Domanda

When you have a base class in your main executable and subclasses (say, plugins) defined in DLLs, what happens when you want to get a plugin?

I am looking for an article/answer that'd clarify what happens when you

  • load a DLL
  • call a DLL's function that returns a plugin* (it has virtual functions)
  • use that plugin in your main executable's code
  • delete, unload

I am thinking about the vtable and other C++ issues. For instance, if you unload the DLL stil having some plugins running... The "code" will be gone?

È stato utile?

Soluzione

Since you are talking about plugins, you must be doing something like LoadLibrary. Assuming Windows:

  • Load a library. You would normally call LoadLibrary followed by GetProcAddress. The DLL is loaded into the process address space and you have the pointer to the function exposed.
  • Call a DLL's function that returns a plugin* (it has virtual functions). You would cast a the return value from GetProcAddress to the function pointer type, and call it. Everything should work as normal.
  • Use that plugin in your main executable's code. There is nothing special.
  • Delete the plugin.

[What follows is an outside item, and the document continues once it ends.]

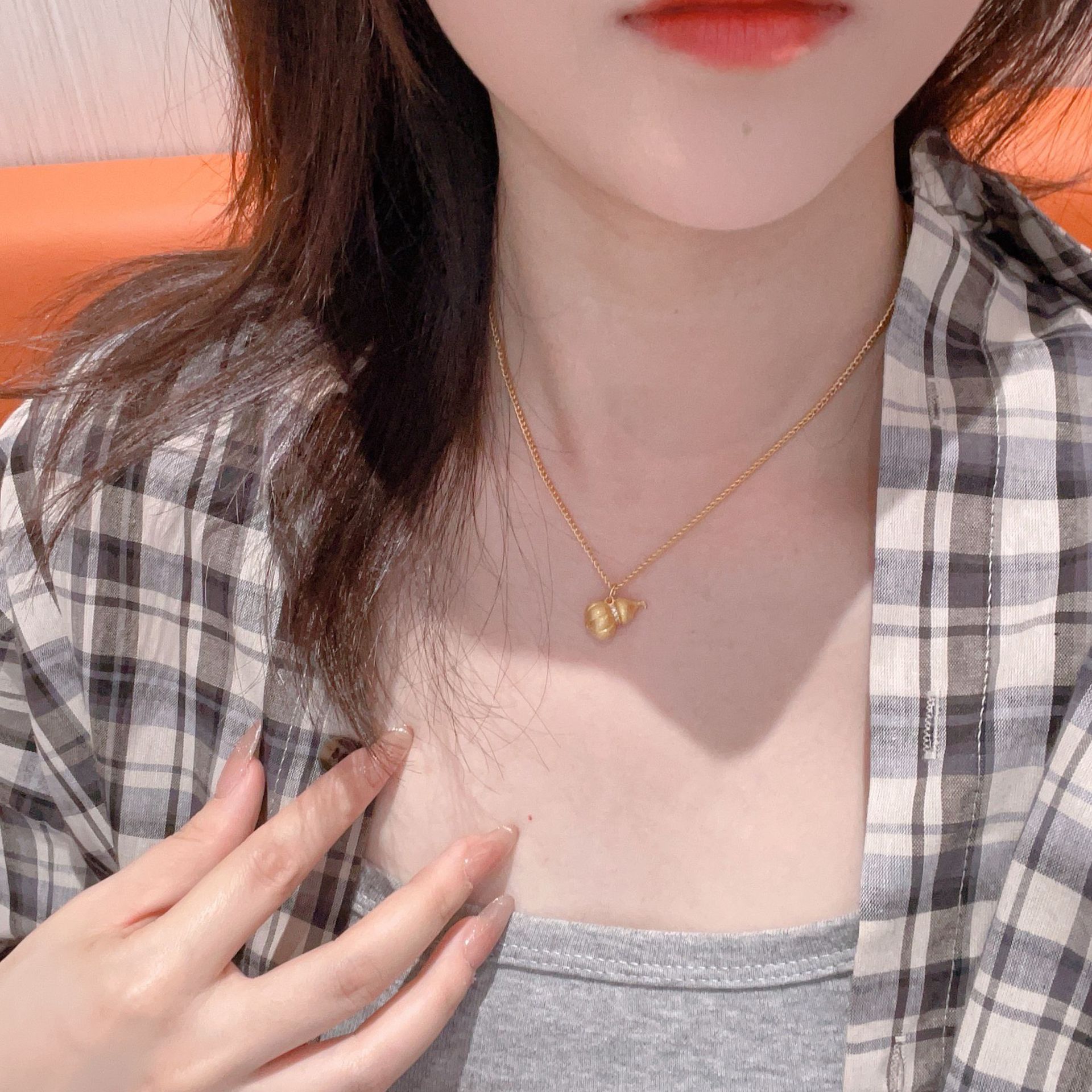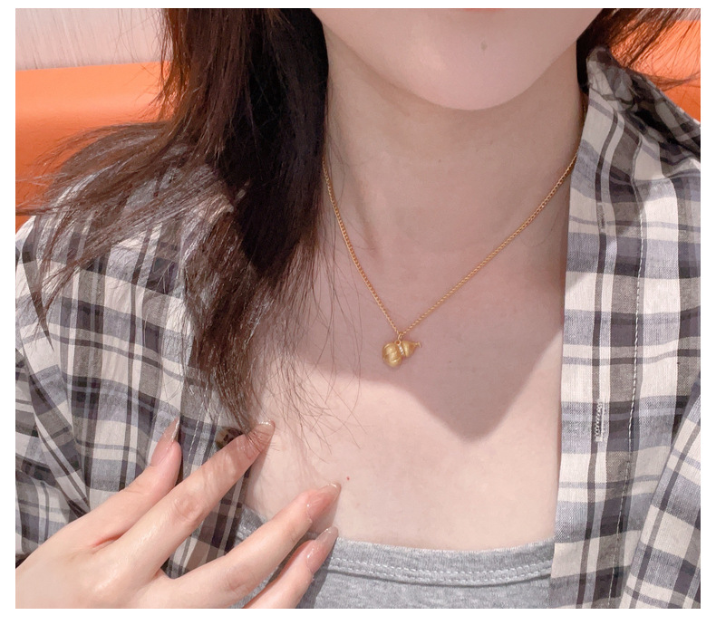 新中式古法金拉丝银沙金葫芦吊坠纳福项链女磨砂胖福禄锁骨链百搭

I assume you use a function in the DLL to do so, and it should be fine. Directly calling delete can be dangerous, as the DLL may have a separate memory manager (depending on what runtime you use).
  • Unload the DLL. You call FreeLibrary, and the code is gone. The pointers you previously get from GetProcAddress become invalid.

I am not aware specific vtable issues. If you unload the DLL while the code is still running, I would assume the program will crash at this point, as the code address space becomes invalid.